### Activity:
Please print, exactly as written, the line containing "定期点検整備あり | ||" and each line after it through the end of the material; pictures stay out.

### Collected data:
==*==

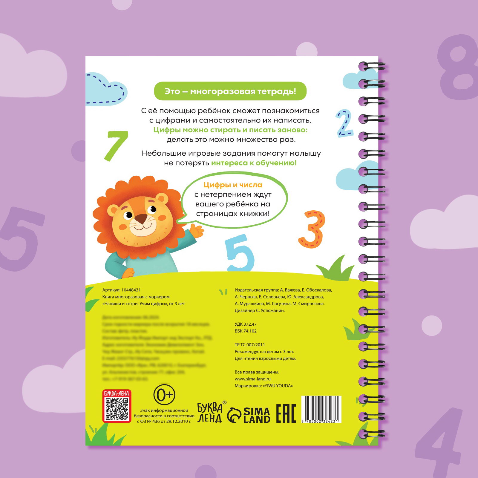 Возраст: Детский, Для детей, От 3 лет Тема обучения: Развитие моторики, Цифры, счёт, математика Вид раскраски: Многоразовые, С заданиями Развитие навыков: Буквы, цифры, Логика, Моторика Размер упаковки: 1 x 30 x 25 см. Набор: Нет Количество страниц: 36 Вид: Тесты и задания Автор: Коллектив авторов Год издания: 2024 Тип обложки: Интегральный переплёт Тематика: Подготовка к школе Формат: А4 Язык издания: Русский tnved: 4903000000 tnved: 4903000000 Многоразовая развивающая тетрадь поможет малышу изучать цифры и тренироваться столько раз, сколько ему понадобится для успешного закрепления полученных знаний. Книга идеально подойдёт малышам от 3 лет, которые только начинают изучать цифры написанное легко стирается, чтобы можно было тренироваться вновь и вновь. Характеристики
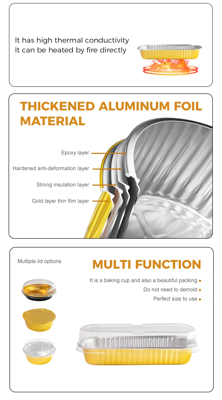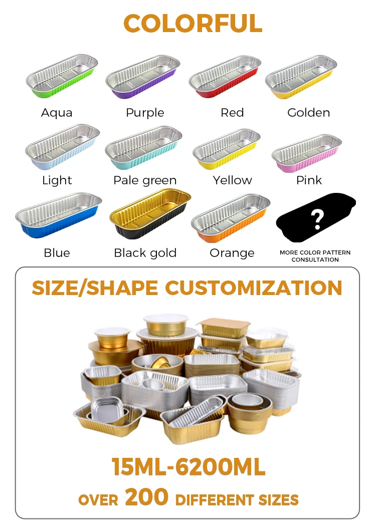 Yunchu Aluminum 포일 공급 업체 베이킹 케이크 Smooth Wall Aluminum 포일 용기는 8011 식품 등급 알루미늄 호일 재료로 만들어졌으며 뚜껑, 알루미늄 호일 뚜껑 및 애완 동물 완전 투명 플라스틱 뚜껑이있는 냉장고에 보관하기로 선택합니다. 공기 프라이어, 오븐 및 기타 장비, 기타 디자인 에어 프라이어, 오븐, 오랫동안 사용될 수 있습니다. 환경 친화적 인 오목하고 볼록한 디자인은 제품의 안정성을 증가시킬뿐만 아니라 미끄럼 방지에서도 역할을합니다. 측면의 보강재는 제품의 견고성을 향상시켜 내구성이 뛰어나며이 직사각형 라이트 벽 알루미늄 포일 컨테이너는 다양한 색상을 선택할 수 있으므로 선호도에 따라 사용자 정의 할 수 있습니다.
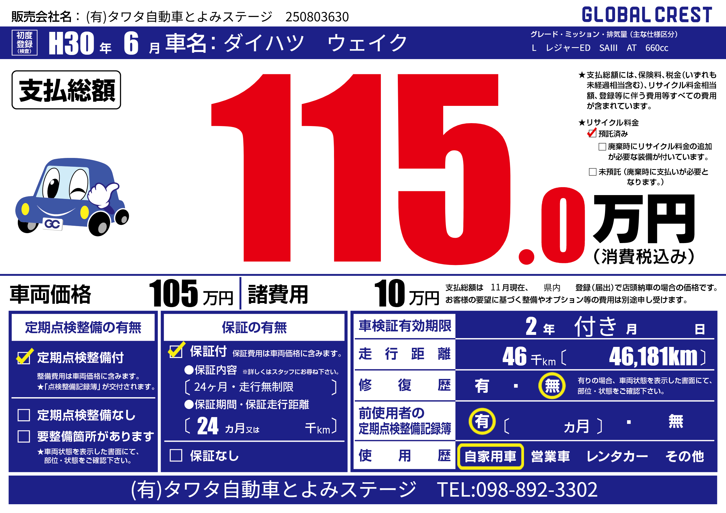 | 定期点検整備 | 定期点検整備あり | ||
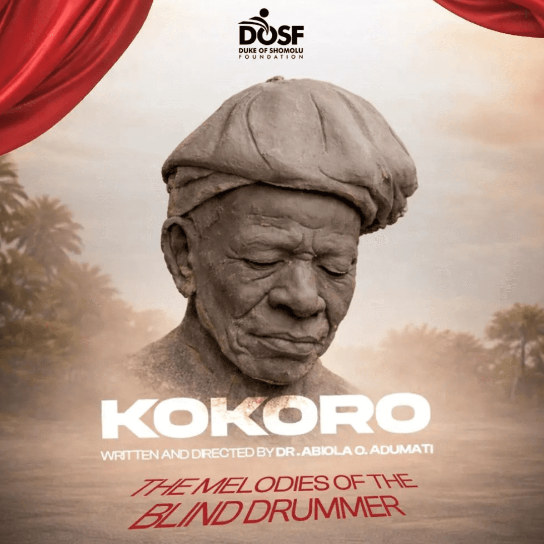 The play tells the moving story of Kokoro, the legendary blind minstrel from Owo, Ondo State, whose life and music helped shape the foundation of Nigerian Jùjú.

==*==

### Response:
 | 定期点検整備 | 定期点検整備あり | ||
 The play tells the moving story of Kokoro, the legendary blind minstrel from Owo, Ondo State, whose life and music helped shape the foundation of Nigerian Jùjú.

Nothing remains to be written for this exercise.